[DATA PROVIDED]

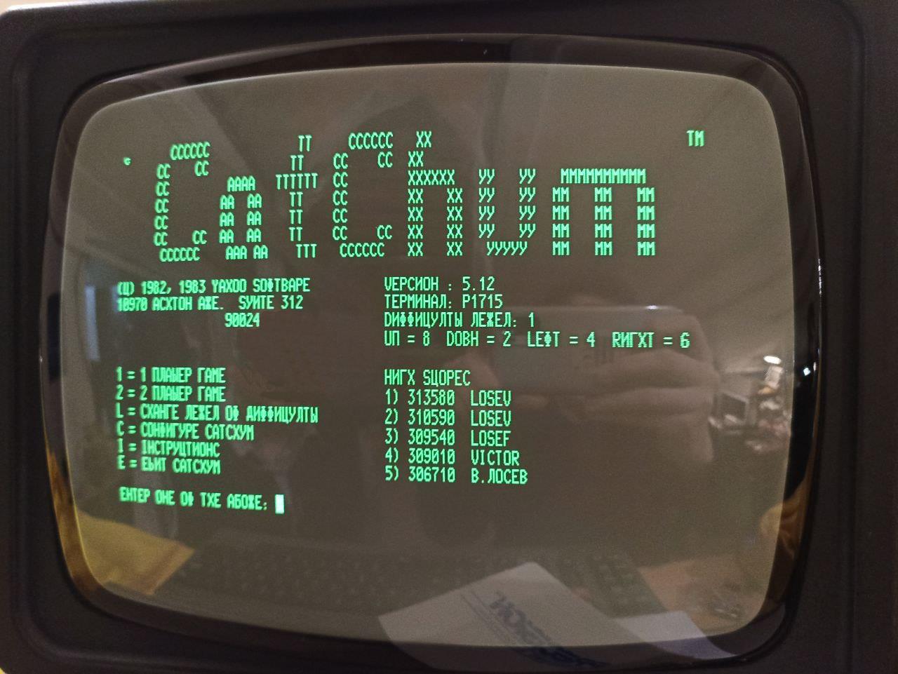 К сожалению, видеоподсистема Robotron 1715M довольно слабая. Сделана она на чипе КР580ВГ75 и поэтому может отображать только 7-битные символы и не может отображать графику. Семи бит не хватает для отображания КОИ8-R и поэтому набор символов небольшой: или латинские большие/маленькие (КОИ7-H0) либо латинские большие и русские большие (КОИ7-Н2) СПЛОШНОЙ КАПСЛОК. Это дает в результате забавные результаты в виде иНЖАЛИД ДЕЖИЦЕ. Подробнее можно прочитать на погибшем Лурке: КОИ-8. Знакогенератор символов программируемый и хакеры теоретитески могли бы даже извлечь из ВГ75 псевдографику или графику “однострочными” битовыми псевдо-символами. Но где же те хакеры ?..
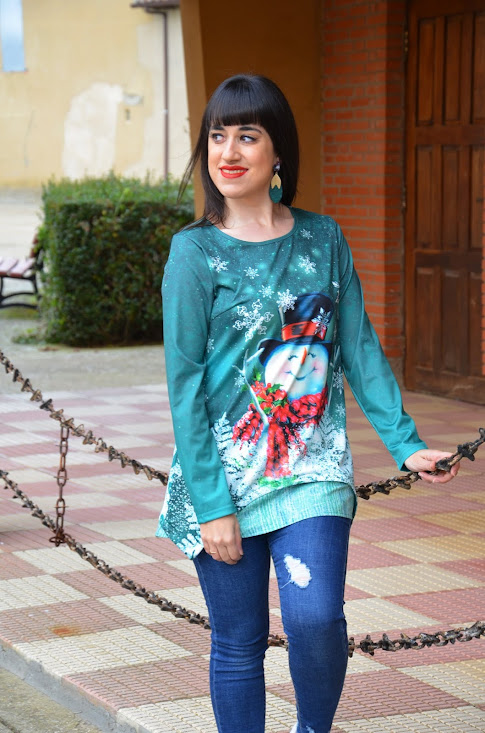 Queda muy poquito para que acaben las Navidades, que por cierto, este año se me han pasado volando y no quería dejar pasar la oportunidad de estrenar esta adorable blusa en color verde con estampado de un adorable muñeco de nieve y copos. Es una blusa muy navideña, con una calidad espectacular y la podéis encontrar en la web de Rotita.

[/DATA PROVIDED]
[DATA PROVIDED]

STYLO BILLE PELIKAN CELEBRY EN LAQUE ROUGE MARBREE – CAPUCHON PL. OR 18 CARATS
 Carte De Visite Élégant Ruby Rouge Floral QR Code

[/DATA PROVIDED]

** PROBLEM TO WORK ON **
The stretch to restate runs from the line above containing "К сожалению, видеоподсистема" through the line containing "Queda muy poquito". Copy it word for word, ends included, without pictures.

** RESPONSE TO THE TASK **
 К сожалению, видеоподсистема Robotron 1715M довольно слабая. Сделана она на чипе КР580ВГ75 и поэтому может отображать только 7-битные символы и не может отображать графику. Семи бит не хватает для отображания КОИ8-R и поэтому набор символов небольшой: или латинские большие/маленькие (КОИ7-H0) либо латинские большие и русские большие (КОИ7-Н2) СПЛОШНОЙ КАПСЛОК. Это дает в результате забавные результаты в виде иНЖАЛИД ДЕЖИЦЕ. Подробнее можно прочитать на погибшем Лурке: КОИ-8. Знакогенератор символов программируемый и хакеры теоретитески могли бы даже извлечь из ВГ75 псевдографику или графику “однострочными” битовыми псевдо-символами. Но где же те хакеры ?..
 Queda muy poquito para que acaben las Navidades, que por cierto, este año se me han pasado volando y no quería dejar pasar la oportunidad de estrenar esta adorable blusa en color verde con estampado de un adorable muñeco de nieve y copos. Es una blusa muy navideña, con una calidad espectacular y la podéis encontrar en la web de Rotita.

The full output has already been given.